November 22, 2024
Abolfazl Dehghan Monfarad

Abolfazl Dehghan Monfarad

Academic Rank: Assistant professor
Address:
Degree: Ph.D in Petroleum Engineering
Phone: 07731222600
Faculty: Faculty of Petroleum, Gas and Petrochemical Engineering

Research

Title
Application of artificial neural network for the prediction of phenol removal from aqueous solution
Type Presentation
Keywords
Activated carbon, Adsorption, Artificial Neural Network, Phenol, Prediction
Researchers esmaeil allahkarami (First researcher) , Abolfazl Dehghan Monfarad (Second researcher)

Abstract

In this study, the prediction of adsorption capacity of phenol from aqueous solution using lead ferrite-activated carbon composite was investigated using artificial neural network. The network input parameters are pH, contact time, initial phenol concentration and temperature. Modeling was done based on 80 measurements of data sets under different operating conditions.Multi-layer perceptron (MLP) neural network trained by Levenberg-Marquardt (LM) and Scaled Conjugate Gradient (SCG) algorithms were applied.
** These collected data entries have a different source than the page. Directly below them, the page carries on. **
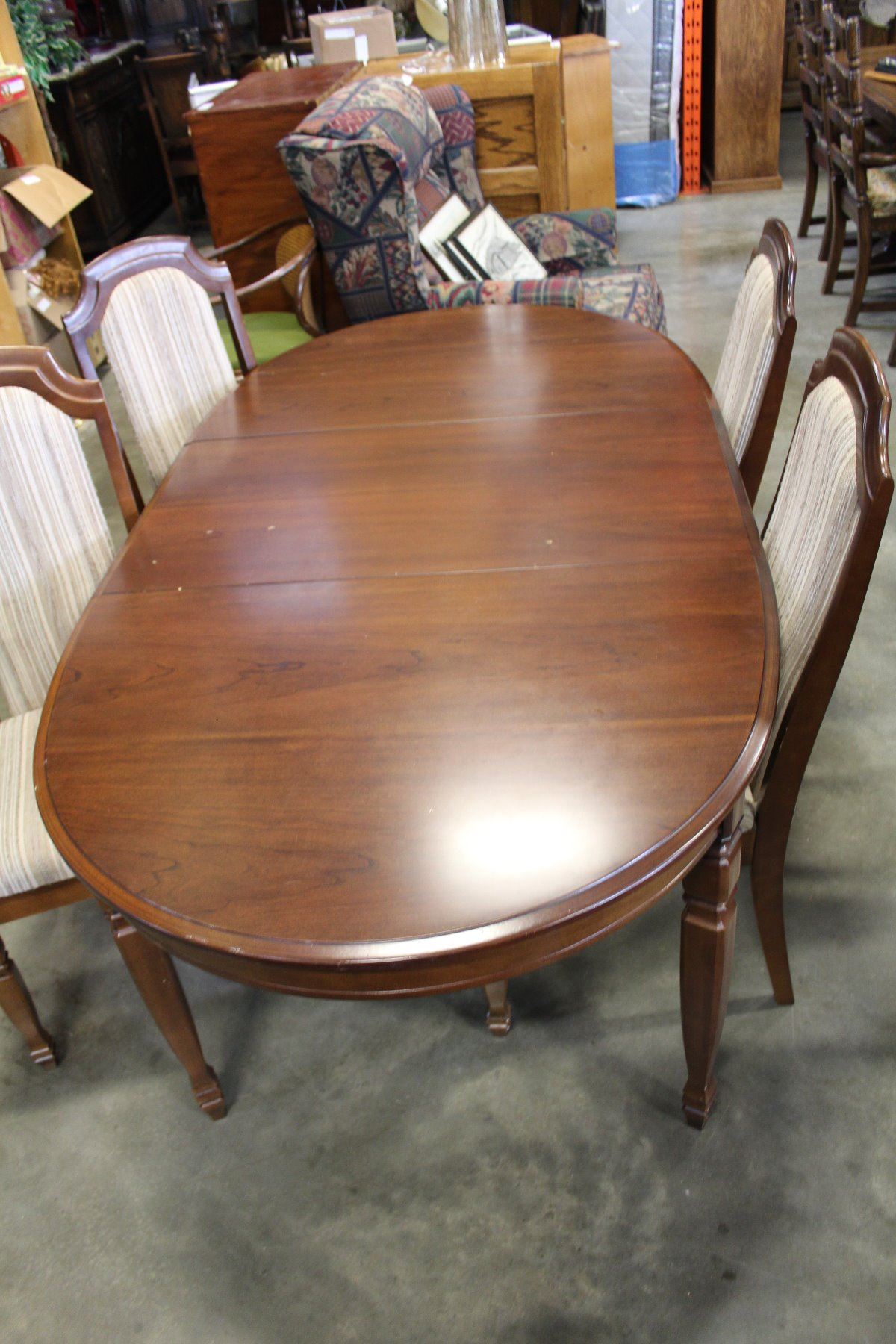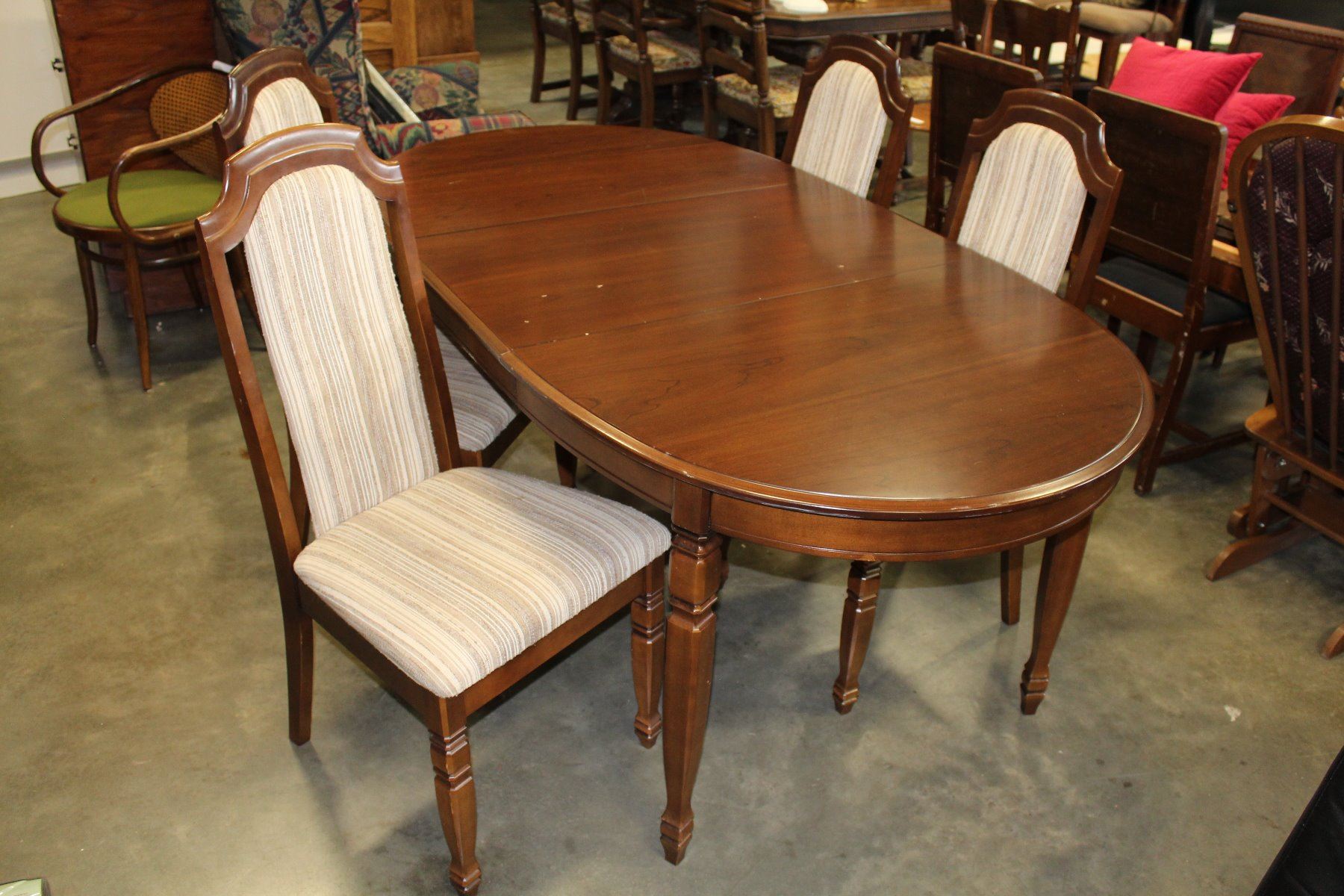 WALNUT DINING TABLE WITH TWO LEAFS AND FOUR UPOLSTERED CHAIRS
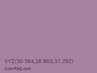 XYZ 30.564,26.863,37.292 Color is a normal magenta color and the nearest color is Bouquet #ae809e. Hex code #a882a1 and RGB value is rgb(168,130,161). In RGB color space, this color is composed of 66% red, 51% green, 63% blue, In CMYK color space, this color is composed of 0% cyan, 23% magenta, 4% yellow , 34% black , In HSL color space, this color has a hue angle of 311° , 18% saturation and 58% lightness.
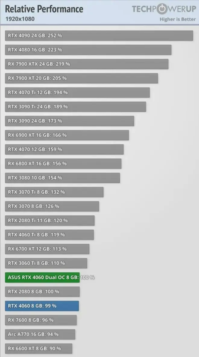 RTX4060在1080P分辨率下仅仅能打得过RTX3060和RX7600,性能低于RTX3060TI。目前的价格并不是很值得入手。
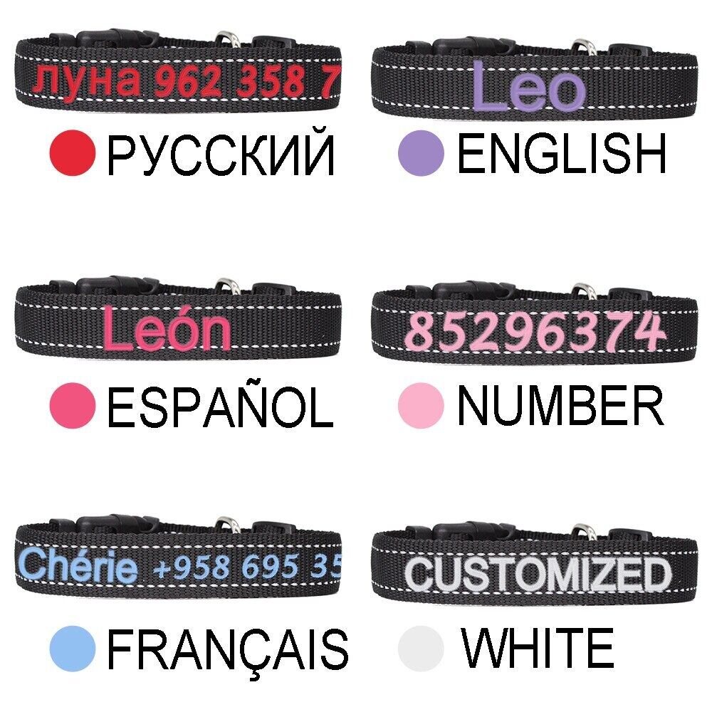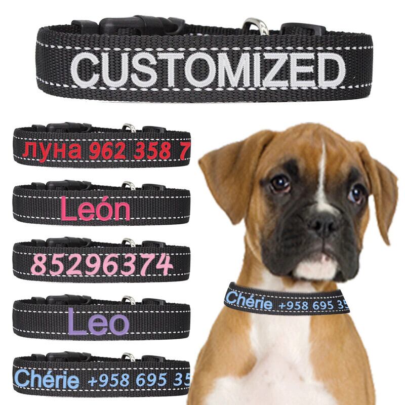 刺繍ナイロン犬の首輪反射パーソナライズされた猫の首輪カスタム名調節可能なネックレス中大ペット子犬
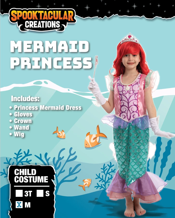 - Sea Goddess Costume includes Princess mermaid dress, Gloves, Crown, Wand and Wig
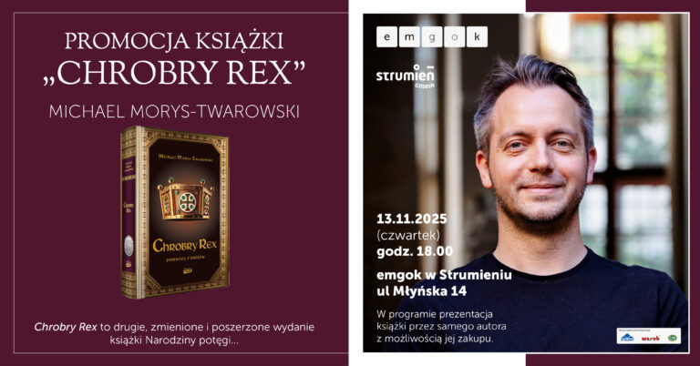 Miejsko-Gminny Ośrodek Kultury w Strumieniu (emgok) zaprasza na spotkanie autorskie z Michaelem Morysem-Twarowskim, organizowane w związku z promocją książki „Chrobry Rex”. Wydarzenie odbędzie się w czwartek 13 listopada 2025 r. o godzinie 18:00 w strumieńskim emgoku.
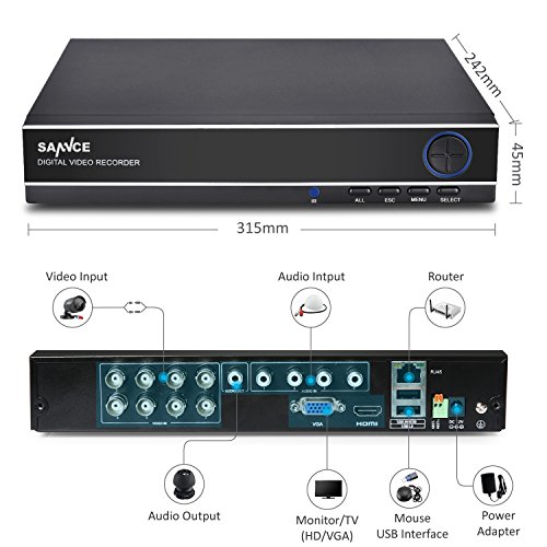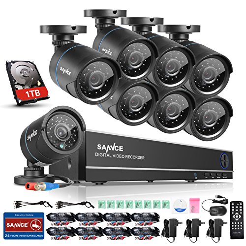 -. Title : SANNCE 8-Channel HD 1080N Home Security System DVR and (8) 720P Indoor/Outdoor Weatherproof Surveillance Cameras with IR Night Vision LEDs, Remote Access - 1TB Surveillance Hard Disk Drive
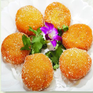 3、鍋內(nèi)注入清油,待油溫升至120℃時,把南瓜餅放在漏勺內(nèi)入油中用小火浸炸,至南瓜餅膨脹,撈出待油溫再升至160℃時下餅炸至發(fā)脆時即好。這樣就好了。
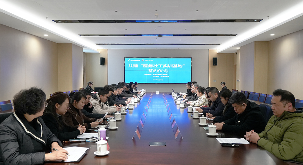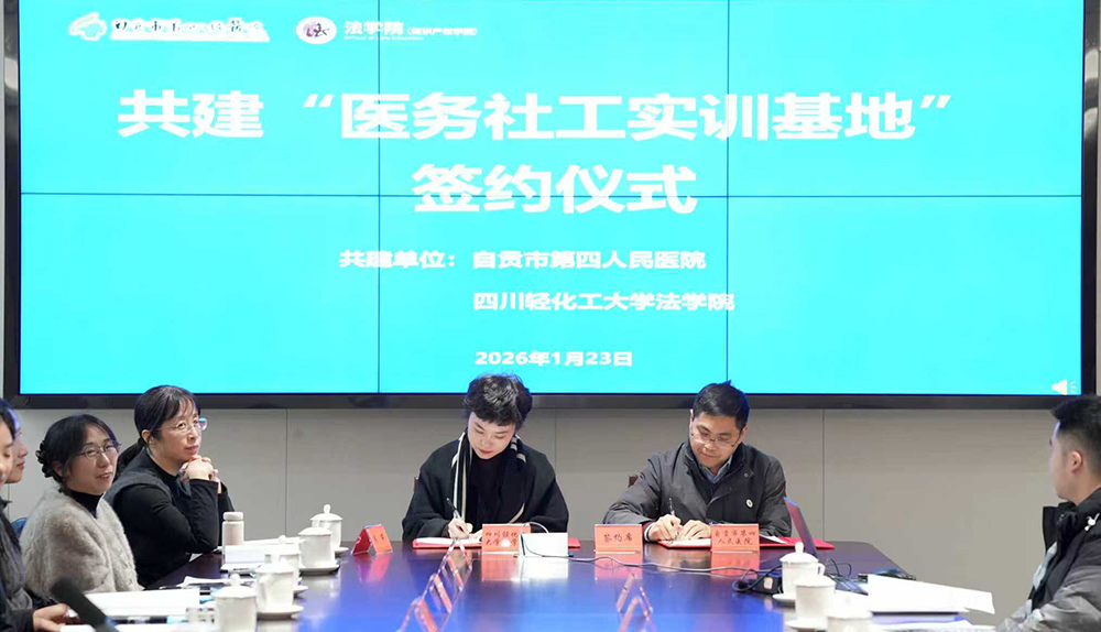 1月23日,我校法学院与自贡市第四人民医院在四医院南湖总院举行签约仪式。市卫生健康委、教育部门、团市委及相关单位代表出席活动。此次合作旨在推动医务社工专业教育与临床实务深度融合,为地区培养复合型人才。
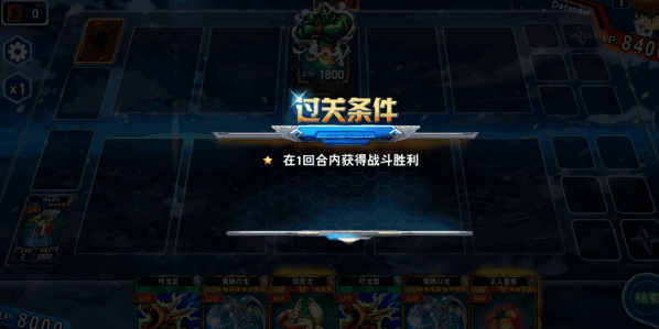 过关方式:第一回合召唤假面龙切防御状态!结束!
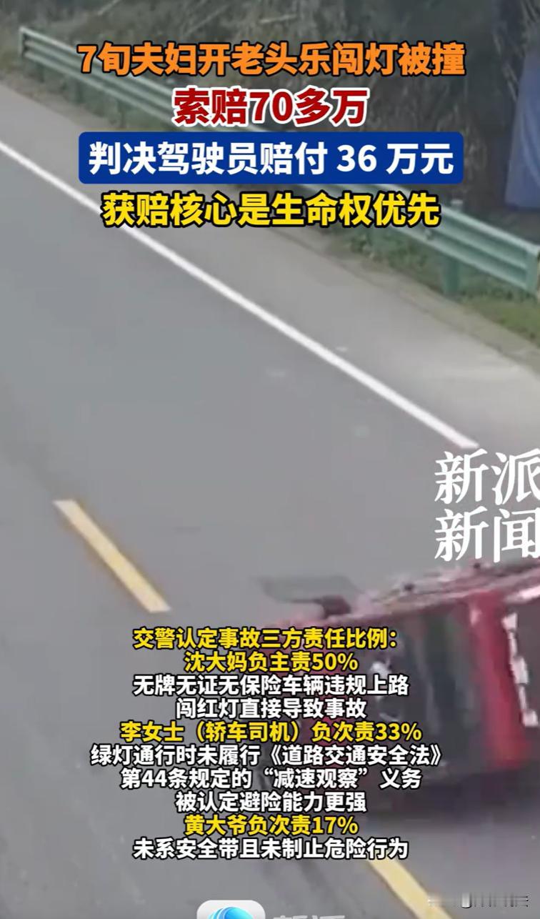 “谁弱谁有理?”上海,一大妈开着一辆老头乐,载着老伴赶回家。眼看前方红灯亮起,不料,大妈没有停下的意思,左右张望一下,一拧把手冲了出去。此时,绿灯亮起的车道,一女子正驾驶小轿车冲过来。大妈急踩刹车,躲闪不及,三轮车被撞翻在地。大妈和老伴重伤倒地,多处骨折。交警调查认定,大妈无驾照、车辆无牌无保险、闯红灯,负主责,而女子过路口未充分观察减速,负次责。事后,老两口将女子及其所属公司、保险公司告上法庭,索赔70余万。结果,法院判决女子向老两口赔付36万元,引发热议。 据悉,沈大妈70多岁,退休多年,腿脚不太利索,为了出门方便,儿女给她买了一辆“老头乐”,这种车不用上牌、不用考驾照,在她看来是再合适不过的代步工具。 有一天,沈大妈载着老伴黄大爷去菜市场,回来的路上有点赶时间。 到了那个十字路口,红灯已经亮起,但沈大妈左右张望一下,觉得车辆不多,便一拧把手冲了出去。 她没有驾驶证,也没有牌照和保险,只觉得这小车灵活方便,完全没在意红绿灯规则。 与此同时,李女士正沿着主干道行驶,绿灯亮起时,她确认了前方没有行人,便以正常速度通过路口。 但就在她驶入路口中央时,右侧突然闪出那辆蓝色的老头乐。 李女士下意识猛踩刹车,但距离太近,车头还是狠狠撞上了老头乐的侧面。 “砰”的一声巨响后,老头乐侧翻在地。 沈大妈被甩出车外,黄大爷卡在车里,双双受伤严重。 李女士脸色惨白地跳下车,颤抖着拨打了120和110。 路口很快围满了人,有人指责老头乐闯红灯,也有人怪轿车开得太快。 交警赶到后,现场勘查时,测量了刹车痕迹、调取了路口监控,还询问了多位目击者。 很快,责任认定书出来了,结果让李女士大吃一惊。 认定书显示,沈大妈承担事故50%的主要责任,理由有三条:第一,她未取得机动车驾驶证驾驶车辆;第二,她驾驶的“老头乐”属于非标车辆,未经登记上牌,按规定不得上路行驶;第三,她违反交通信号灯指示闯红灯通行。这三项违法行为直接导致了事故的发生。 李女士承担33.3%的次要责任,交警的解释是,其驾驶车辆行经路口时应当减速慢行,李女士虽然以限速行驶,但未充分观察到侧方突然出现的车辆,未尽到安全驾驶的注意义务。 乘客黄大爷承担16.7%的次要责任,这是因为其作为成年人,他应当知道乘坐无证驾驶、无牌车辆的风险,却未劝阻或采取安全措施,未履行对自身安全的注意义务。 事故后,沈大妈和黄大爷因身体多处骨折,不得不住院治疗,产生了大量医疗费、护理费等损失。 沈大妈和黄大爷认为李女士有不可推卸的责任,遂一纸诉状将李女士和她的车辆保险公司等告上法庭,索赔总计70余万元。 法院会如何判决呢? 《道路交通安全法》第四十四条规定。机动车通过交叉路口,……通过没有交通信号灯、交通标志、交通标线或者交通警察指挥的交叉路口时,应当减速慢行,并让行人和优先通行的车辆先行。 法院指出,李女士的绿灯通行权系合法权利,但权利的行使不得损害他人合法权益。 虽本案路口设有信号灯,但基于道路交通的复杂性和突发性,机动车在通过任何路口时负有审慎观察、防御性驾驶的义务。 李女士未能更早发现侧方异常情况,存在观察上的迟延。 交警认定李女士承担33.3%的次要责任,是基于其未减速等过错程度对事故原因力的贡献。 又《民法典》第一千一百六十五条规定,行为人因过错侵害他人民事权益造成损害的,应当承担侵权责任。 法院进一步指出,李女士的驾驶行为在注意义务方面存在瑕疵,且该瑕疵与沈大妈和黄大爷的损害后果存在事实上的因果关系,理应承担相应责任。 不过,《民法典》第一千一百七十三条规定,被侵权人对同一损害的发生或者扩大有过错的,可以减轻侵权人的责任。 法院认为,沈大妈因同时存在无证驾驶、闯红灯等严重违法,过错程度明显更大,交警认定其承担50%责任,并无不妥,而黄大爷作为乘客,明知乘坐车辆有瑕疵,亦有过错,交警认定承担16.7%责任,相对合理。 基于此,法院认定李女士仅就其过错对应的损失部分即33.3%承担赔偿责任。 此外,《民法典》第一千二百一十三条规定,机动车发生交通事故造成损害,属于该机动车一方责任的,先由承保机动车强制保险的保险人在强制保险责任限额范围内予以赔偿;不足部分,由承保机动车商业保险的保险人按照保险合同的约定予以赔偿;…… 具体到本案,李女士的车辆投保了交强险、商业三者险,而经核算,沈大妈及黄大爷的损失大约为105万,李女士承担责任在35万元,未超出保险责任限额。 另外,沈大妈及黄大爷还主张了律师费。 最终,法院判决李女士赔偿沈大妈级黄大爷36万元,由保险公司赔付35万元,李女士所属公司赔偿6000元律师费。 对此,您怎么看?

The optimal number of hidden layers and neurons in each layer was determined using the trial and error method. The values of RMSE, AARE%, and R2 of the total dataset in the case of MLP-LM model were 0.85389, 1.0007, and 0.99899, respectively. Results showed that the proposed neural network model could be successfully used to estimate the adsorption capacity of adsorbent for the phenol removal from aqueous solution.